John and Patsy Ramsey were sued in two separate defamation lawsuits arising from the publication of their book, The Death of Innocence. These suits were brought by two persons named in the book as having been investigated by Boulder police as suspects in JonBenét's murder. The Ramseys were defended in those lawsuits by Lin Wood and three other Atlanta attorneys, James C. Rawls, Eric P. Schroeder, and S. Derek Bauer, who obtained dismissal of both lawsuits, including an in-depth decision by U.S. District Court Judge Julie Carnes that "abundant evidence" pointed to an intruder having committed the murder.

==Political campaign==
In 2004, Ramsey campaigned for a seat in Michigan's House of Representatives for the 105th district. He received 24.3 percent of the vote in the Republican Party primary, finishing in second place to Kevin Elsenheimer.

==Personal life==
Ramsey married Lucinda Pasch in 1966. They had three children. The couple divorced in 1978. His eldest daughter, Elizabeth, was killed in a car crash at age 22 in 1992.

Ramsey married his second wife, Patsy Ramsey, in 1980. The couple had two children, Burke and JonBenét. Patsy died of ovarian cancer in 2006 at age 49.

After his wife's death, Ramsey met Beth Holloway, mother of missing Natalee Holloway. It was reported that the two began dating. Ramsey played down their relationship, stating that they "developed a friendship of respect and admiration" out of common interests related to their children.
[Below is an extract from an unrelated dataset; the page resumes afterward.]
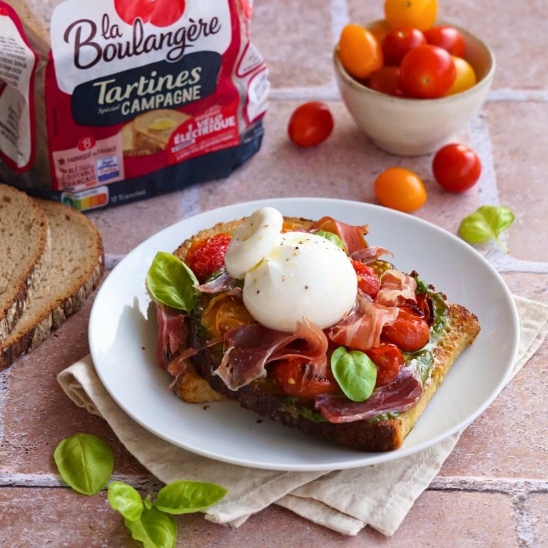 Pour le pain, j’ai choisi les Tartines spécial Campagne de La Boulangère fabriquées avec des farines de blé issu du commerce équitable français, de seigle et d’orge malté. Il est idéal pour cette recette avec sa mie fondante et son bon goût de pain de campagne. Ils ont d’ailleurs toute une gamme de pains céréaliers conçue pour tous les moments de la journée à base de farine de maïs, d’épeautre ou encore d’avoine.

Ramsey relocated to Moab, Utah, and met his third wife, Jan Rousseaux, in 2011. They later married and purchased a second house in Michigan.

==In media==
- Ramsey has been portrayed by Ronny Cox in the miniseries Perfect Murder, Perfect Town (CBS); by Cliff DeYoung in the TV movie Getting Away with Murder: The JonBenet Ramsey Story (Fox) (both 2000); by Michel Gill in Lifetime's Who Killed JonBenet (2016) and Clive Owen in The Murder of JonBenét Ramsey for Netflix (2026).
- The Ramseys were also portrayed in the 2001 South Park episode "Butters' Very Own Episode". In a 2011 interview, South Park creators Trey Parker and Matt Stone stated that they regretted how the Ramseys were portrayed in the episode.
- The Ramseys were also portrayed in two MADtv sketches, one parodying Hollywood Squares, with John portrayed by Michael McDonald and Patsy by Alex Borstein.
- Ramsey appears in the documentary series Cold Case: Who Killed JonBenét Ramsey directed by Joe Berlinger for Netflix.